EXERCISE REQUIREMENTS: From the first line of the data down to and including the line with "Фарби позначені цифрами, що", copy everything exactly, leaving out pictures.

DATA EXTRACT:
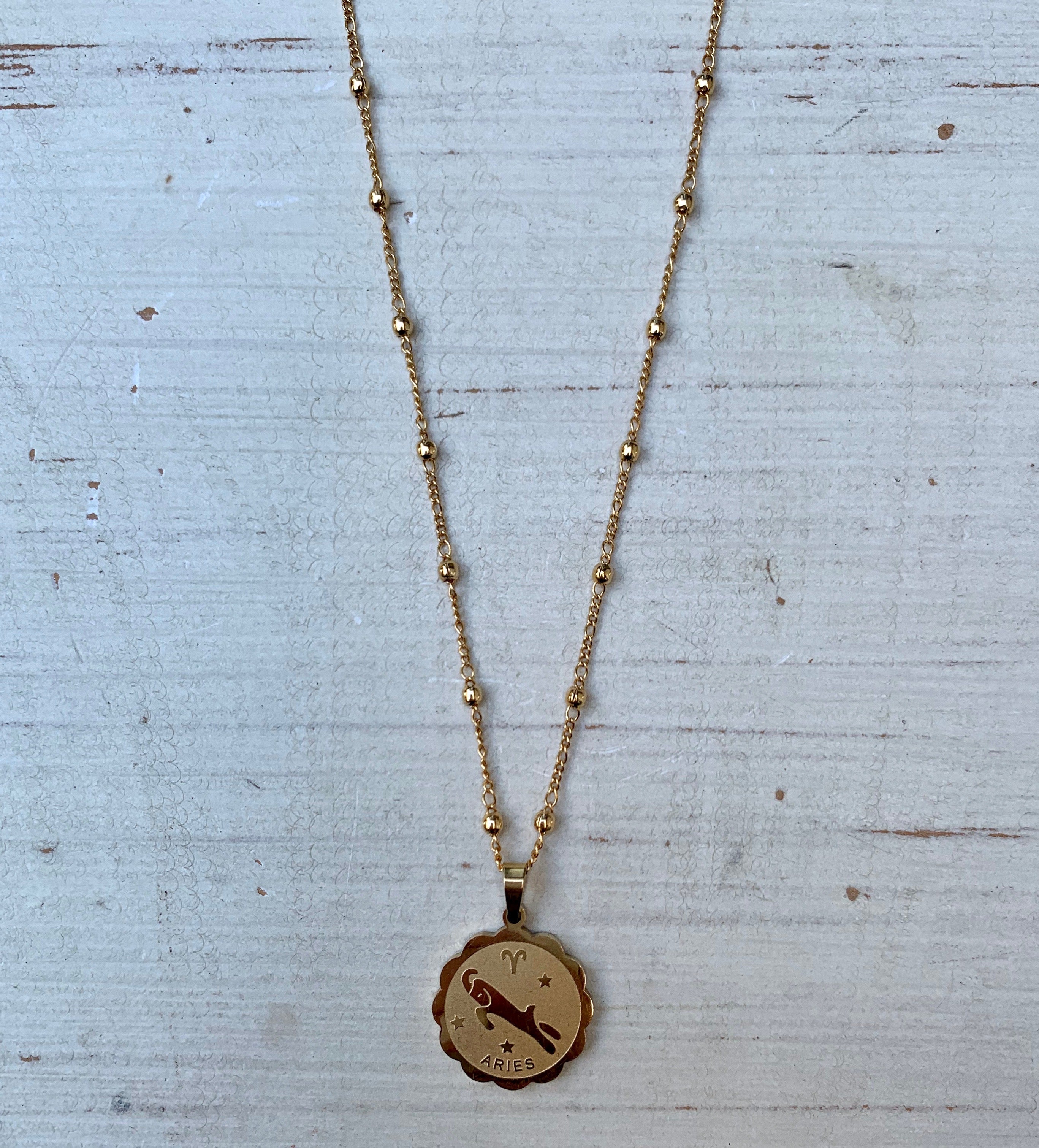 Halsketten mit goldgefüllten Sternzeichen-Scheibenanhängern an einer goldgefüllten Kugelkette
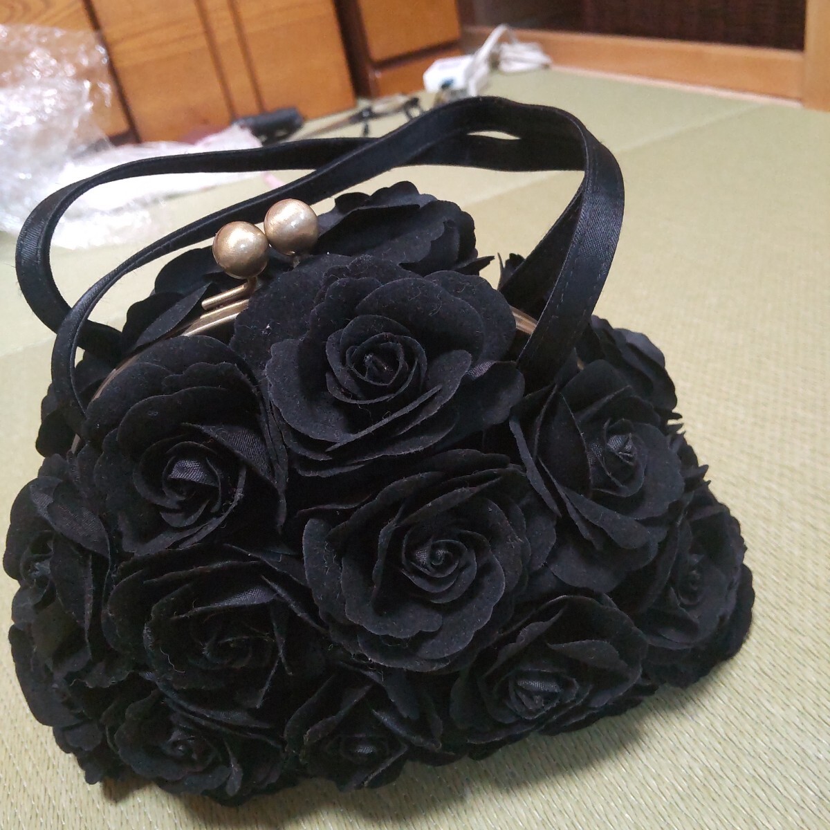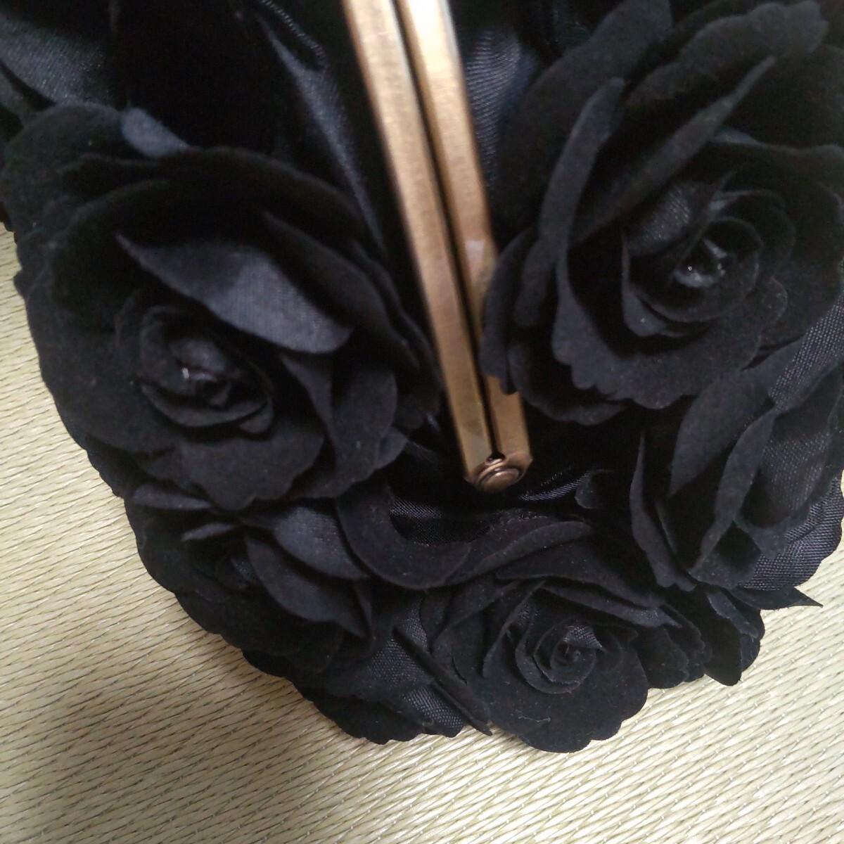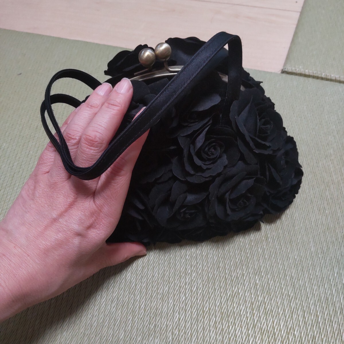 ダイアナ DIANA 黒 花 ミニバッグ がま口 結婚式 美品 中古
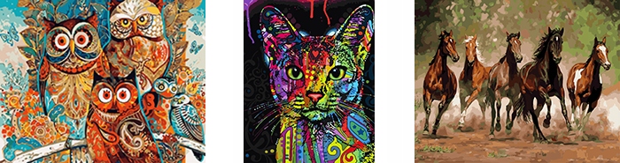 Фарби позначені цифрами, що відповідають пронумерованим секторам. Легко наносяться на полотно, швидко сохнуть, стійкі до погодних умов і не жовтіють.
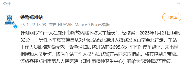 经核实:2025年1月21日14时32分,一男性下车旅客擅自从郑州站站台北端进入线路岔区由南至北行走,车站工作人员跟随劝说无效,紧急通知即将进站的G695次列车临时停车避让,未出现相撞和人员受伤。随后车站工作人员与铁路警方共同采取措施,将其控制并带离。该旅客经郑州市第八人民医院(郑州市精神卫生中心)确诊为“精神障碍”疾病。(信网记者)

RESULT OF THE TASK:
 Halsketten mit goldgefüllten Sternzeichen-Scheibenanhängern an einer goldgefüllten Kugelkette
 ダイアナ DIANA 黒 花 ミニバッグ がま口 結婚式 美品 中古
 Фарби позначені цифрами, що відповідають пронумерованим секторам. Легко наносяться на полотно, швидко сохнуть, стійкі до погодних умов і не жовтіють.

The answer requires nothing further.